ミキプサ達は父の意志を受け継ぎカルタゴとの戦争を継続した。第三次ポエニ戦争が勃発し、紀元前146年にカルタゴは滅亡した。このときカルタゴは破壊されたが、そこからカルタゴ人がヌミディアに逃れてきた。彼らはヌミディアの文化的・経済的な発展の一助となった。その後グルッサとマスタナバルは相次いで死去し、ミキプサが王国全土を統治することになった。

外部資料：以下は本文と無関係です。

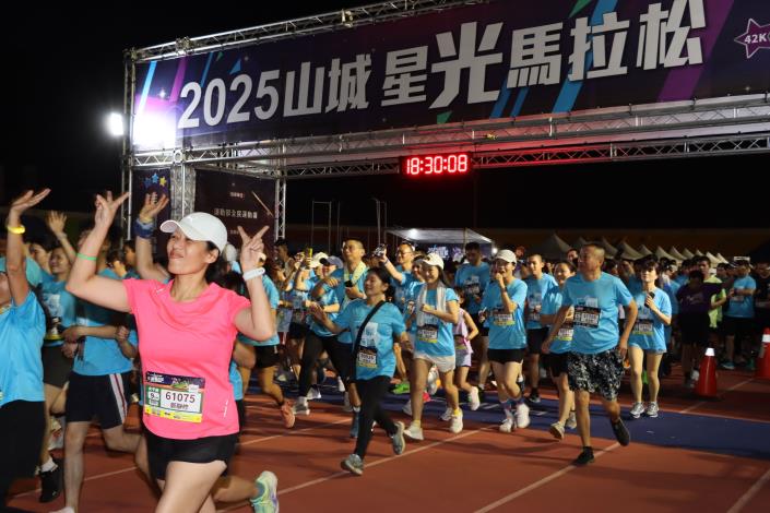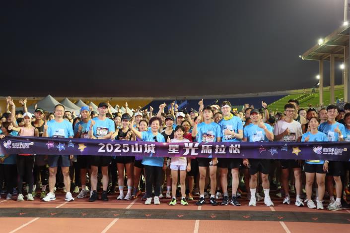 「2025山城星光馬拉松」於今(27)日晚間盛大展開,本次賽事由苗栗縣政府與苗栗縣農會共同主辦,並由苗栗縣路跑協會承辦,吸引全國各地超過5,000名跑友齊聚苗栗縣立體育場出發,縣長鍾東錦與立委夫人詹美娟、議員孫素娥、曾美露、廖秀紅、許櫻萍、苗栗市長余文忠、教育處長葉芯慧及農業處長陳樹義等為選手加油打氣。夜幕下的山城因跑者的腳步而充滿活力,星光與燈火交織成壯麗畫面,讓人流連忘返。

カルタゴ滅亡後、ミキプサは甥ユグルタを養子に迎えた。ユグルタは王の子として待遇され、堅実な軍事訓練を施された。その後もヌミディアは同盟国として、ローマの軍事行動の補助を行った。紀元前142年にローマ軍司令官クィントゥス・ファビウス・マクシムス・セルウィリアヌスがミキプサに宛てた書簡には、ルシタニアのウィリアトゥスの反乱の鎮圧のため、軍用象の部隊を送るよう要請している。また、紀元前134年にはスキピオ・アエミリアヌスのヌマンティア攻略に際し援軍を送った。このときユグルタも派遣されている。
死後
ミキプサは紀元前118年に亡くなった。遺言により国は三分割され、実子アドヘルバル、ヒエンプサル(1世)及び養子のユグルタにより治められることとなった。しかし、王権の三分割に不満を持ち単独の王となることを望んだユグルタがミキプサの死後一年もせずに内乱を起こし、ヒエンプサルは戦死した。紀元前116年、ローマ元老院の仲裁により西部を生き残った実子のアドヘルバルが、東部をユグルタが統治することで収まった。

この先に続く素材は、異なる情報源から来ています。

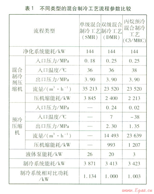 針對LNG產(chǎn)量小于220 td,原料氣壓力、流量、溫度分別為4.7 MPa、315 000 m3d、40℃LNG產(chǎn)品溫度、壓力、流量分別為-l60.2 ℃、0.02 MPa300 090 m3d的較小基本負(fù)荷型裝置,運用美國進口的化工流程模擬軟件,比較了這3種混合制冷工藝流程的主要技術(shù)參數(shù),見表1。

しかし紀元前113年にユグルタが西部に攻め込み、アドヘルバルも戦死した。このとき多くのローマ人も巻き込まれて死亡したことを受けてローマは紀元前112年にヌミディアへ侵攻した(ユグルタ戦争)が、ユグルタが講和を申し出たのでこれを受け、事態は一時沈静化した。しかしユグルタがローマ滞在中の従兄弟マッシウァを暗殺したことを受け、紀元前110年、ローマは再びヌミディアに攻め込んだ。ユグルタは敗北し、紀元前105年に王位はガウダへと移った。ユグルタは後に紀元前104年に行われたガイウス・マリウスの凱旋式の際に処刑されている。